### Problem to solve
Pictures appear among the records below and must be omitted. Repeat exactly the lines from the line with "A UFCAT também" to the line with "Corduroy Puff Sleeve Blouse-Rc-t54385 |", both included.

### Information given
━━━━━━

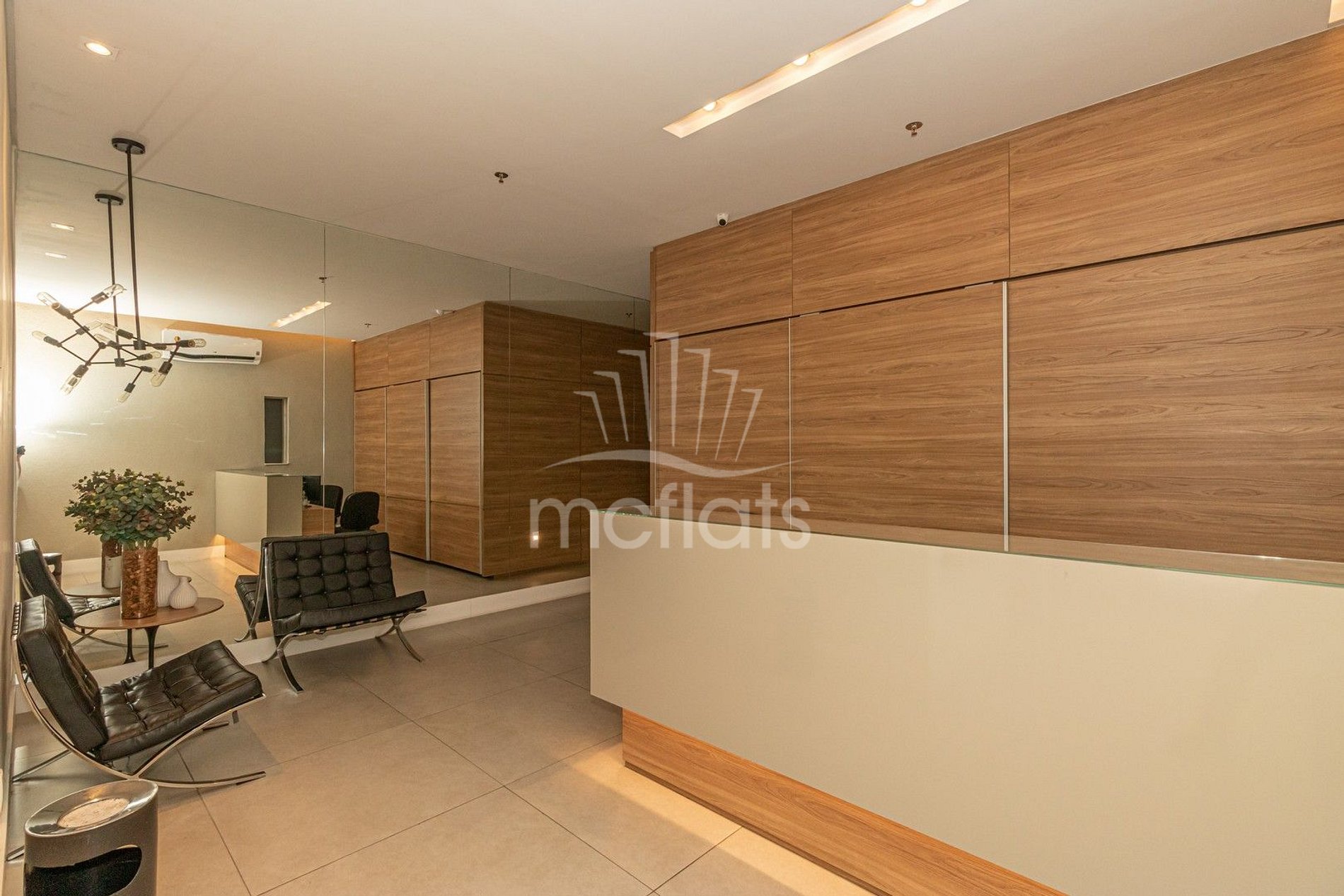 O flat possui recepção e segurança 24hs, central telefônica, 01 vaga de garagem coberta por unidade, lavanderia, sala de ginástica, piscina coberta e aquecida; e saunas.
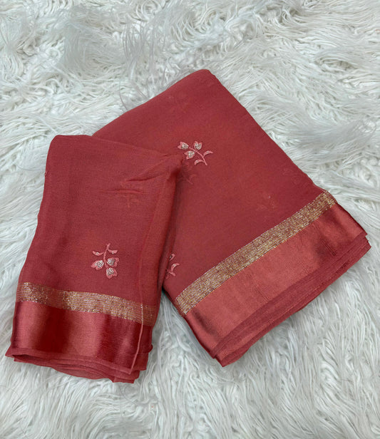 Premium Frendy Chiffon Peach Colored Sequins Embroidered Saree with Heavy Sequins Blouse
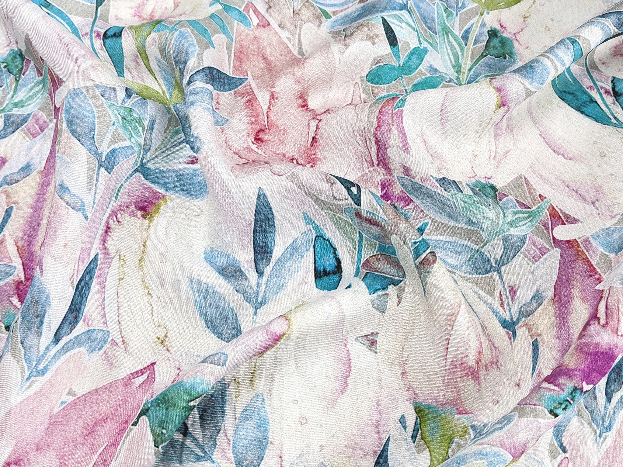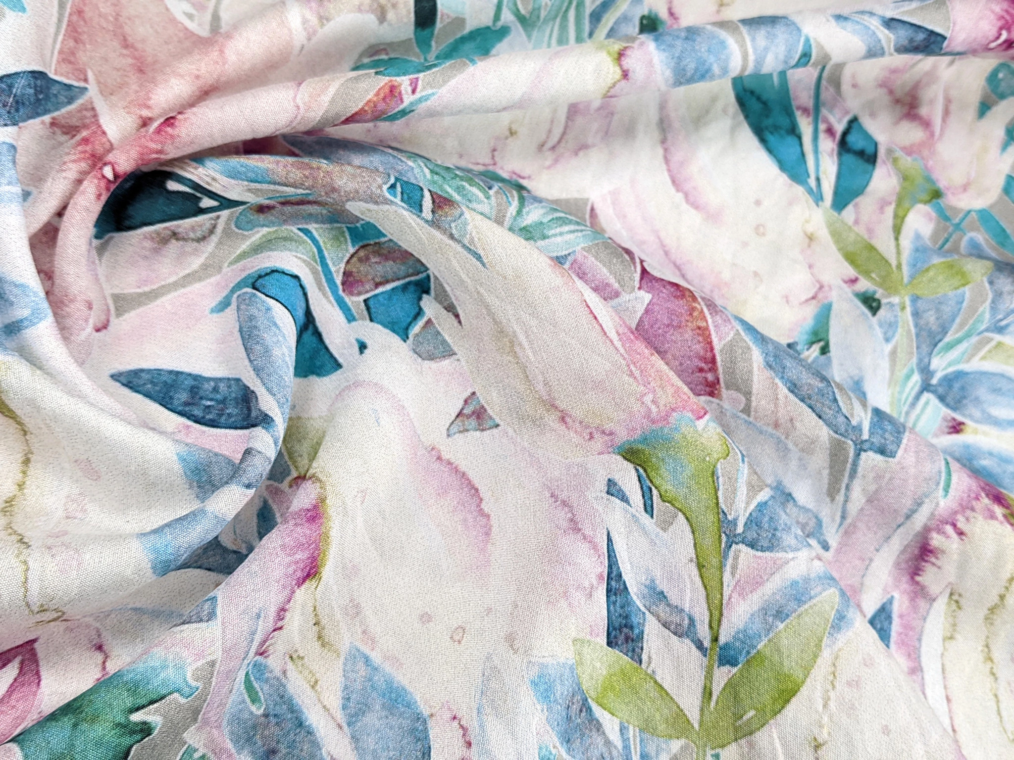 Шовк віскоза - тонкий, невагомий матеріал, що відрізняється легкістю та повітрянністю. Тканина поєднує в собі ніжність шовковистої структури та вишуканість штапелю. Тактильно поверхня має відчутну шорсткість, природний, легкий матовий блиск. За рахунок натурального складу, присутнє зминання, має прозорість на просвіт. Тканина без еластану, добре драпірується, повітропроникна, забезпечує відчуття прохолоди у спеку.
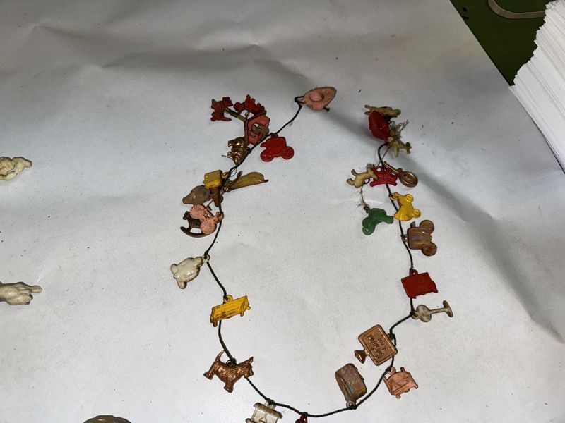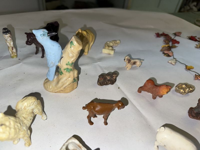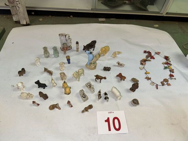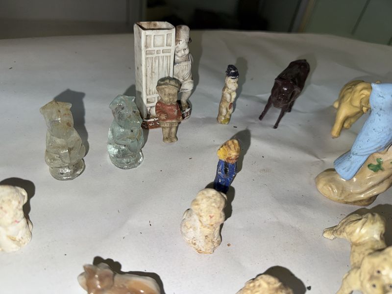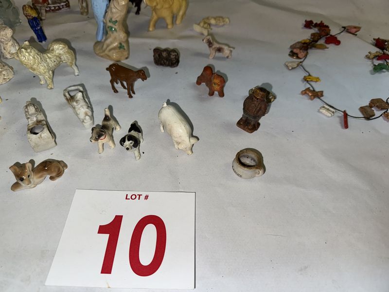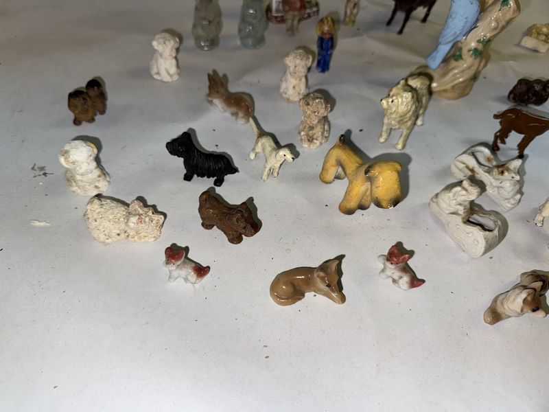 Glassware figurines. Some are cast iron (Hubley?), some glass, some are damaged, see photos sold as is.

━━━━━━

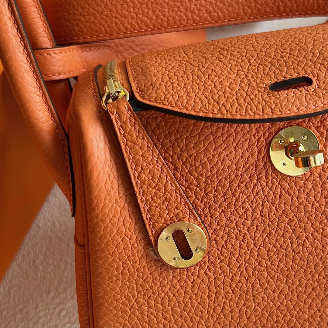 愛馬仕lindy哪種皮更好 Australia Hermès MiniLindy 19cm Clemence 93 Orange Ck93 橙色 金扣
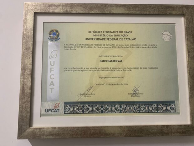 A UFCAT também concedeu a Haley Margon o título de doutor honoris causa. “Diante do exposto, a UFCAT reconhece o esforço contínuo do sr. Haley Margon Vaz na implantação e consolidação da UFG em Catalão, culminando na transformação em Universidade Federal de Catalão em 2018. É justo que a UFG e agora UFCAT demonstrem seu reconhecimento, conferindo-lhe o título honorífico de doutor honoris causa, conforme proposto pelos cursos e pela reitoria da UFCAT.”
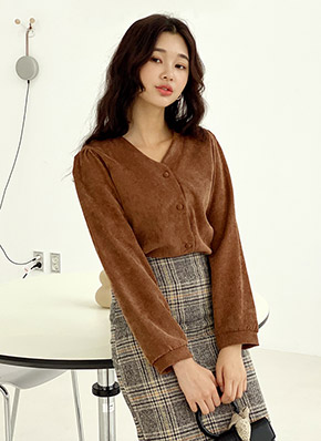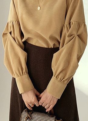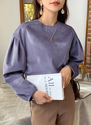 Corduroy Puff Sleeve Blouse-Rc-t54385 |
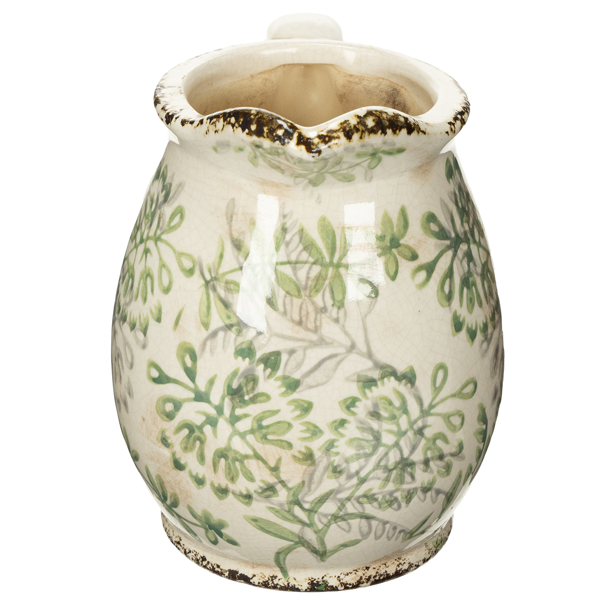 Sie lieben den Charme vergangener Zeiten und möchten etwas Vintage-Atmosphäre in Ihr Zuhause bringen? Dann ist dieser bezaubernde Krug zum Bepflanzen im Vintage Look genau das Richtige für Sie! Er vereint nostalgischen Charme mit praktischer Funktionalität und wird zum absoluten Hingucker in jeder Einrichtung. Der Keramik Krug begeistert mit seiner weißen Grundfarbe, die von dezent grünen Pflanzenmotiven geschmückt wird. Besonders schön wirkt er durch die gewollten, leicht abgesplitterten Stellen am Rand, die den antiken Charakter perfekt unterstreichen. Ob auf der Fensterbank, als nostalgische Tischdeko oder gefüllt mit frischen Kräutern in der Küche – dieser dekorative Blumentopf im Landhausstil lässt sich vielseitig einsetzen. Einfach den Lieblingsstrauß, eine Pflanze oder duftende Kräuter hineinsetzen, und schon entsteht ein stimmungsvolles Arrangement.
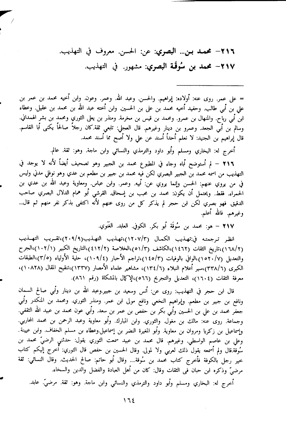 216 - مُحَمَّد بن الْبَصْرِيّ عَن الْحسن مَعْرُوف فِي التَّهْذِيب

━━━━━━

### Response box
 A UFCAT também concedeu a Haley Margon o título de doutor honoris causa. “Diante do exposto, a UFCAT reconhece o esforço contínuo do sr. Haley Margon Vaz na implantação e consolidação da UFG em Catalão, culminando na transformação em Universidade Federal de Catalão em 2018. É justo que a UFG e agora UFCAT demonstrem seu reconhecimento, conferindo-lhe o título honorífico de doutor honoris causa, conforme proposto pelos cursos e pela reitoria da UFCAT.”
 Corduroy Puff Sleeve Blouse-Rc-t54385 |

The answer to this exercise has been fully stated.